En el bote de aquellos pescadores, cruzamos la ensenada y, al llegar a la otra orilla, encendimos una fogata con madera de deriva. No nos movimos de allí en todo el día, como si no supiéramos dónde ir. A última hora de la mañana, comenzó a llover; al cabo de un rato aquel cielo gris rasante nos recompensó con un chaparrón en condiciones. Arrojamos unas cuantas ramas a la hoguera y, mientras las llamas plantaban cara al aguacero, aprovechamos para recoger las armas y las cotas de malla que habíamos escondido la noche anterior. Contando los hombres que se habían quedado de guardia, disponía de treinta y cuatro guerreros. Envié a un par de ellos para que echasen un vistazo por la parte más elevada de la ensenada. Habían crecido a orillas del ancho estuario donde el Temes sale al encuentro con el mar, unas riberas muy parecidas a las de la playa donde habíamos varado el bote. Los dos sabían nadar, y se movían con soltura por los cañaverales; les dije lo que andaba buscando y allá que se fueron a ver si daban con algo parecido. Regresaron a última hora de la tarde, cuando la lluvia ya no era tan intensa.
Al caer la noche, cuando las barcas de pesca regresaron aprovechando la subida de la marea, con seis de mis hombres, crucé al otro lado de la ensenada y les ofrecí un puñado de monedas de plata a cambio de pescado. Como todos llevábamos espada, los aldeanos nos recibieron con un respeto casi reverencial.
—¿Qué hay por allí? —les pregunté señalando a lo alto de la ensenada.
Sabían que, tierra adentro, había un monasterio, pero que quedaba lejos. Sólo tres de ellos habían estado por allí.
—Está a un día de viaje —aseguraron los lugareños, apabullados.

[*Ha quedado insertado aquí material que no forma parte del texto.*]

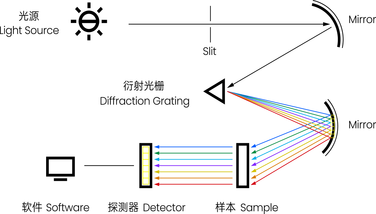 相比传统光谱仪,NT2000系列光谱传感芯片能够减少精密光谱元件的使用数量,简化光路设计,但依旧能够实现准确的物质光谱数据采集。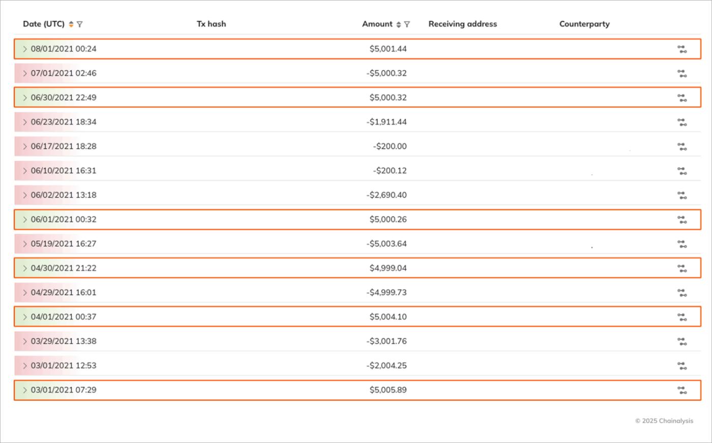 Once hired, they request payment in stablecoins, which have stable value and are popular with over-the-counter (OTC) traders. Examination of on-chain activity associated with the payment addresses of North Korean IT workers reveals that these wallets receive regular payments of approximately $5,000 per month, suggesting they are payroll payments.

—Si vuelvo al mar, Skirnir nos atrapará —comenté. No dijeron nada. La sola mención de ese nombre bastaba para meterles el miedo en el cuerpo—. Tengo entendido que es un hombre muy rico —añadí.
Uno de los viejos del lugar se santiguó. Había visto ídolos de madera en la aldea, pero por lo visto había también cristianos. Aquel rápido gesto me dio a entender que lo había asustado.